→ Your instructions: Given these entries, repeat exactly the lines starting with the one that has "- Use factor" and going on through the one that has "팬캡을 사용할 때 한", both included, but none of the pictures.

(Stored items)
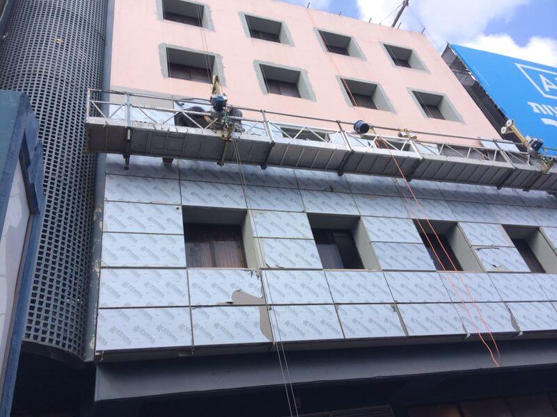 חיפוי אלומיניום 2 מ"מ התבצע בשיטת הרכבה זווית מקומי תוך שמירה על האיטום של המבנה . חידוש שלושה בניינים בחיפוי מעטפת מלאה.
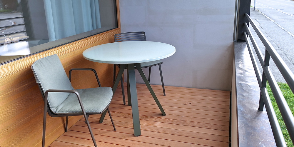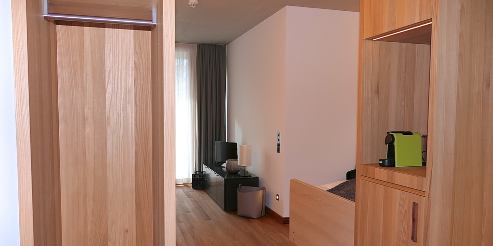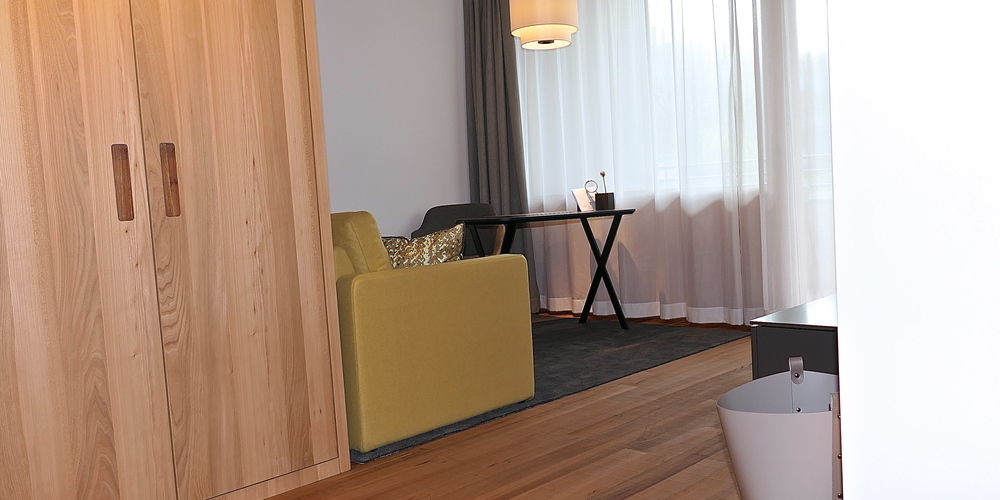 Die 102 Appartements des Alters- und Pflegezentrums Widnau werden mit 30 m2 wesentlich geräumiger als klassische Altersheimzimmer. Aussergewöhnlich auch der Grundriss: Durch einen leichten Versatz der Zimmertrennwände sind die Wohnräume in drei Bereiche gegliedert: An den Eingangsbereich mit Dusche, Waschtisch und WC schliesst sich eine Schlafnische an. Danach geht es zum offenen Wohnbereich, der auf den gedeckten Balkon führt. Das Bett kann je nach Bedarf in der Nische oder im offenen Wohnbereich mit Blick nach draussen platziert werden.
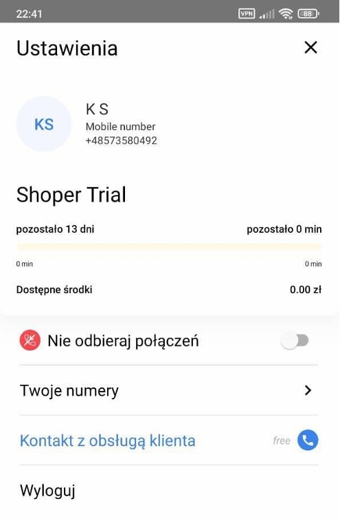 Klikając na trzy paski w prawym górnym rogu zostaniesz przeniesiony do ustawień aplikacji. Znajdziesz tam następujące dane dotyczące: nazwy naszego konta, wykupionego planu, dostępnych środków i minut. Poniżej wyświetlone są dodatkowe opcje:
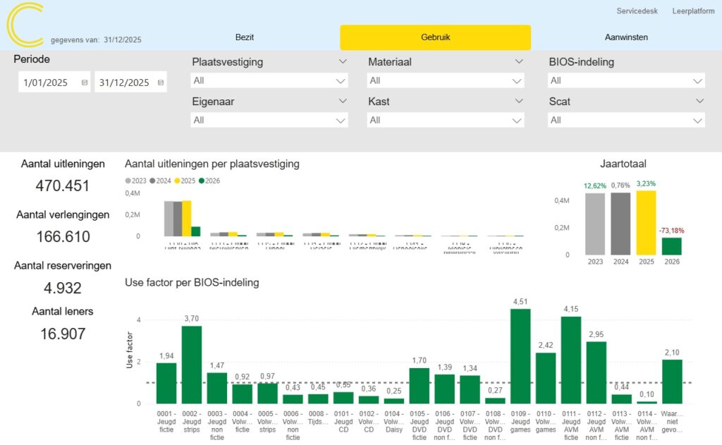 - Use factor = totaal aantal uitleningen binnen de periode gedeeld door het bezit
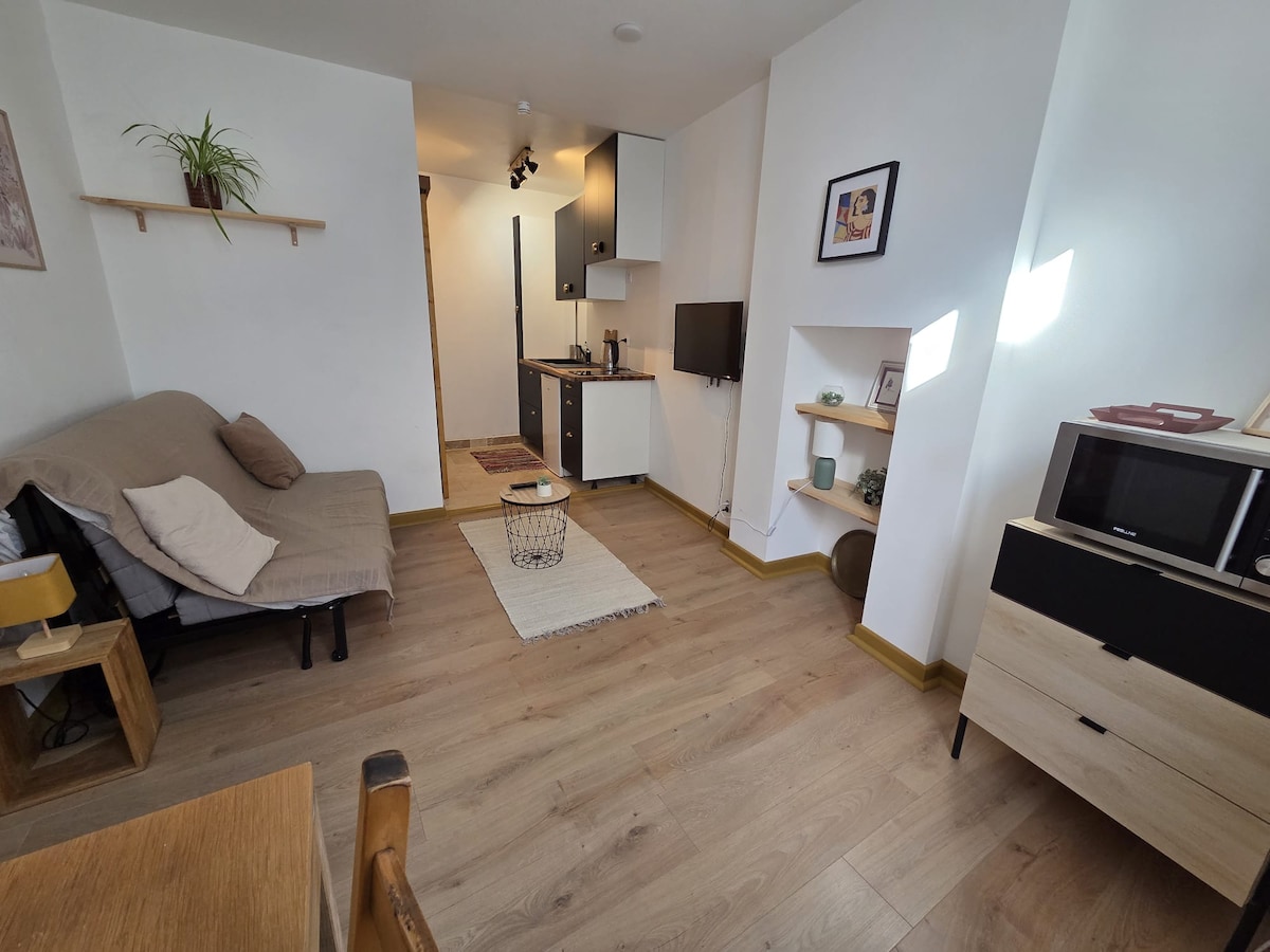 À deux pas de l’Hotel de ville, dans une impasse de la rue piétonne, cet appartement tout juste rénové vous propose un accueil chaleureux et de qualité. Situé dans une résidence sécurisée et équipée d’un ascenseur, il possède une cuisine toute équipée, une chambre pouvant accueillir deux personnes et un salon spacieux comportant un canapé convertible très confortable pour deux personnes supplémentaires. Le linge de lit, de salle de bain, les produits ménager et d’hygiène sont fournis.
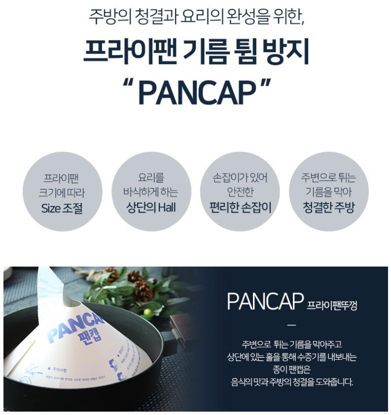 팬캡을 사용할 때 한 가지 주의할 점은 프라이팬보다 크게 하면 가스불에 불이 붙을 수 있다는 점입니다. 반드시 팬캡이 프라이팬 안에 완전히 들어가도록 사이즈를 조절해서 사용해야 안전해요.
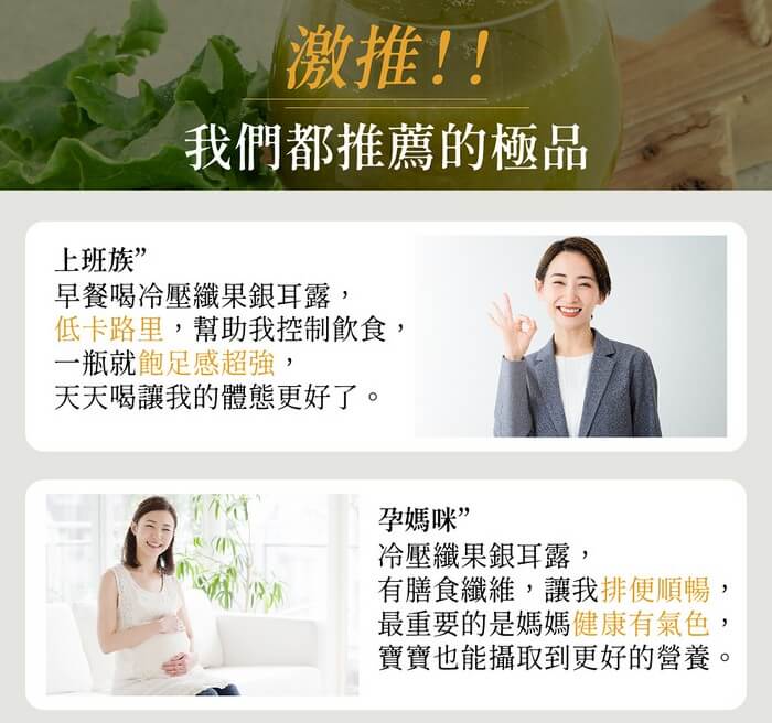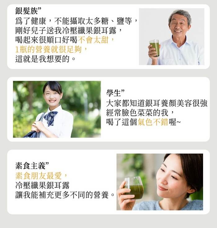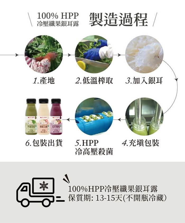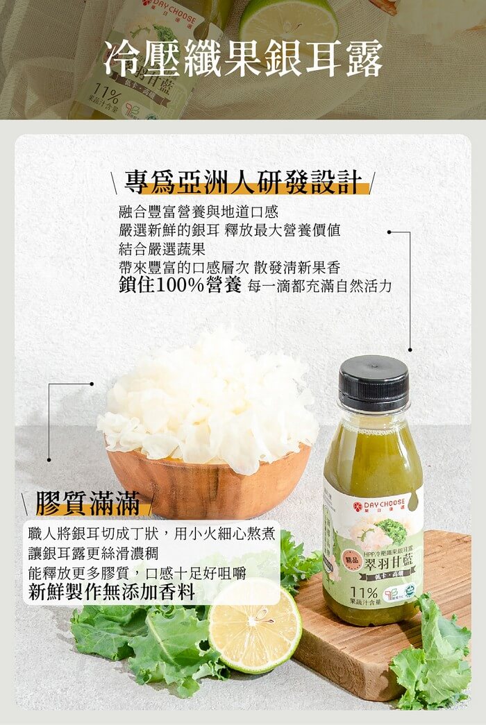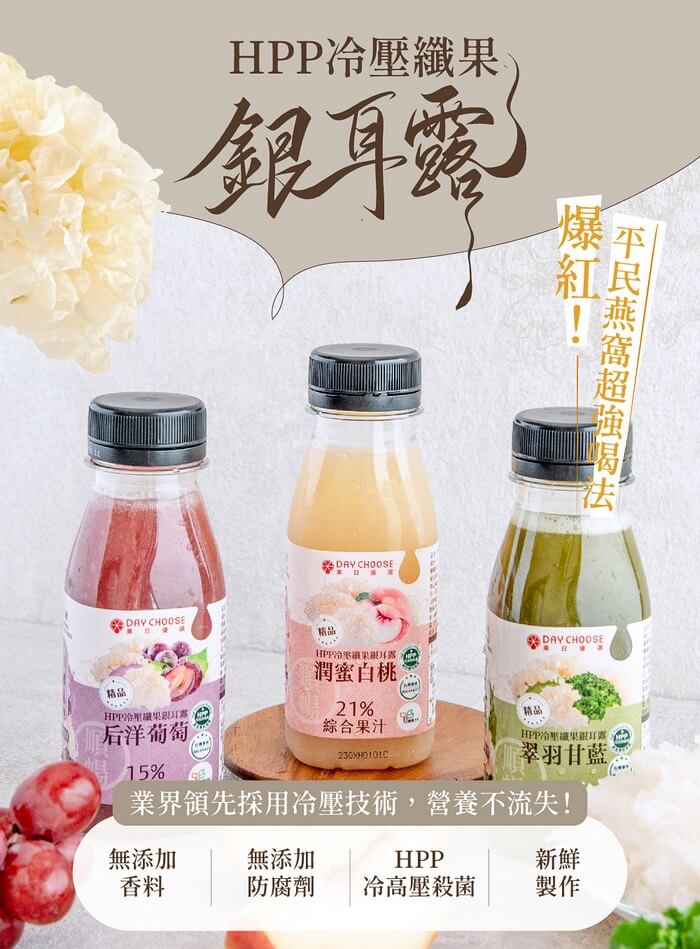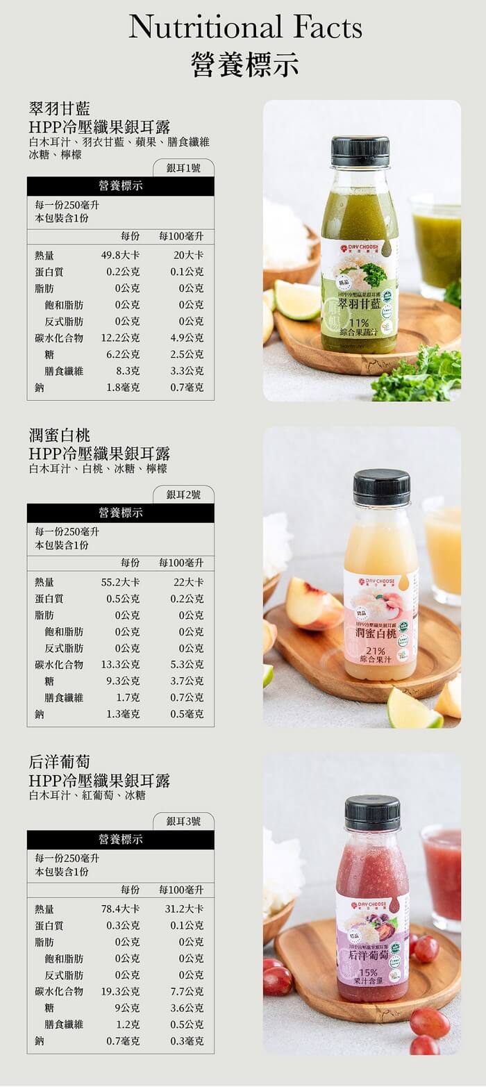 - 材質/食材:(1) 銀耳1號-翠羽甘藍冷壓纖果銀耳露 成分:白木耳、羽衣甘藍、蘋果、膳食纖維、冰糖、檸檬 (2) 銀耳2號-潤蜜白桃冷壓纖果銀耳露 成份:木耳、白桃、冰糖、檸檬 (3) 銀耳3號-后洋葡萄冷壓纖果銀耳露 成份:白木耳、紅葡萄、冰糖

→ Reply to the exercise:
 - Use factor = totaal aantal uitleningen binnen de periode gedeeld door het bezit
 À deux pas de l’Hotel de ville, dans une impasse de la rue piétonne, cet appartement tout juste rénové vous propose un accueil chaleureux et de qualité. Situé dans une résidence sécurisée et équipée d’un ascenseur, il possède une cuisine toute équipée, une chambre pouvant accueillir deux personnes et un salon spacieux comportant un canapé convertible très confortable pour deux personnes supplémentaires. Le linge de lit, de salle de bain, les produits ménager et d’hygiène sont fournis.
 팬캡을 사용할 때 한 가지 주의할 점은 프라이팬보다 크게 하면 가스불에 불이 붙을 수 있다는 점입니다. 반드시 팬캡이 프라이팬 안에 완전히 들어가도록 사이즈를 조절해서 사용해야 안전해요.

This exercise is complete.